During mining, a pump ran permanently to pump out the escaping groundwater (presumably from two different groundwater levels) and to enable operation. Along the east wall, a steep wall was created that is now about 40 metres high, which opens up the different strata. During mining, the difference in height would have been about 50–55 metres, as the lake could not yet compensate for the difference. Due to the lack of supporting rocks, the rock units above the stone wall are tilting in sometimes very large break-off movements.
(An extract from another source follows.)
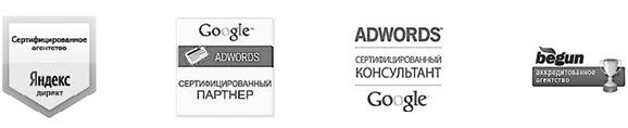 За последние годы свидетельство об аттестации получили несколько тысяч человек. Необходимо подчеркнуть, что персональный сертификат ничего не говорит о практическом опыте его владельца. Наличие такого опыта специалист должен подтвердить с помощью документированного портфолио: списка авторитетных клиентов с контактными телефонами, по которым можно проверить информацию, а также отзывов, благодарностей, рекомендаций. Намного серьезнее рекламные сервисы подходят к вопросу о подтверждении потенциальным клиентам квалификации рекламных агентств. Обязательными элементами сертификации агентства являются: • наличие в штате агентства не одного, а нескольких сертифицированных специалистов, их минимальное необходимое количество зависит от количества клиентов агентства; • соответствие метрическим показателям качества работы. К метрическим показателям относятся: • активность клиентской базы агентства (величина оборота за определенный период времени); • эффективность проводимых рекламных кампаний; • качество подготовки рекламных материалов; • полнота использования инструментов, предлагаемых рекламным сервисом. Выполнить требования для аттестации агентств без длительной профессиональной практики невозможно. Является ли рекламное агентство сертифицированным в настоящий момент, легко проверить на сайтах Яндекс.Директа, Google AdWords и «Бегуна» (см. адреса в «Полезных ссылках» к данной главе). Все три сервиса поддерживают актуальность этих списков. Полный набор символики о высшей квалификации рекламного агентства приведен на рис. 13.

The eastern wall can be divided into three areas due to anthropogenic interventions and natural conditions:

1. The boulder of sandstone, in the south of the quarrying area, adjacent to the east wall.
2. The east wall, which was partially blasted away in the summer of 2021
3. Remnant shale at the northern edge of the main wall, which was not blasted off and is now slipping away.

==== The NE break-off edge ====
The southern rock wedge between the southern and eastern break-off edge consists of strongly sandy mudstones and was therefore not worth quarrying. The edge was therefore not quarried and stands quite exposed.
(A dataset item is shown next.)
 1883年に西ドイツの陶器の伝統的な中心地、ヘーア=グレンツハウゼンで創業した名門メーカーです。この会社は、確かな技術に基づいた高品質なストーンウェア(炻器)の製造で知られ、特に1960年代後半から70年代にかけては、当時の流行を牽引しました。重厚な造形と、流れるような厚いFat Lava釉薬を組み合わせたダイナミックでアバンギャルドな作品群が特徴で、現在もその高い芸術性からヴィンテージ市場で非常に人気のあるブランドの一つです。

==== Blasted middle area ====
The large east wall, the most prominent feature of the quarry, was in danger of collapsing soon after closure. Small rockfalls occurred several times and a cone of debris already formed at the foot of the steep face, protruding from the approximately 15-metre-deep lake in the quarry basin. Here, the most obvious tilting movements of the steep face could be seen, which formed a 5–6 m wide and 60 m long break-off area. The crack in the top of the rock was so strong that it was even clearly visible in the digital terrain model (DTM) with a resolution of 1 × 1 m. The height of the break-off area went down to the next stable layer of clay shale about 20 m from the ground level. In rainy periods, a groundwater table also emerges here and drains into the lake. Occasionally, the demolition wedge was still held in place by the vegetation, especially the roots of trees.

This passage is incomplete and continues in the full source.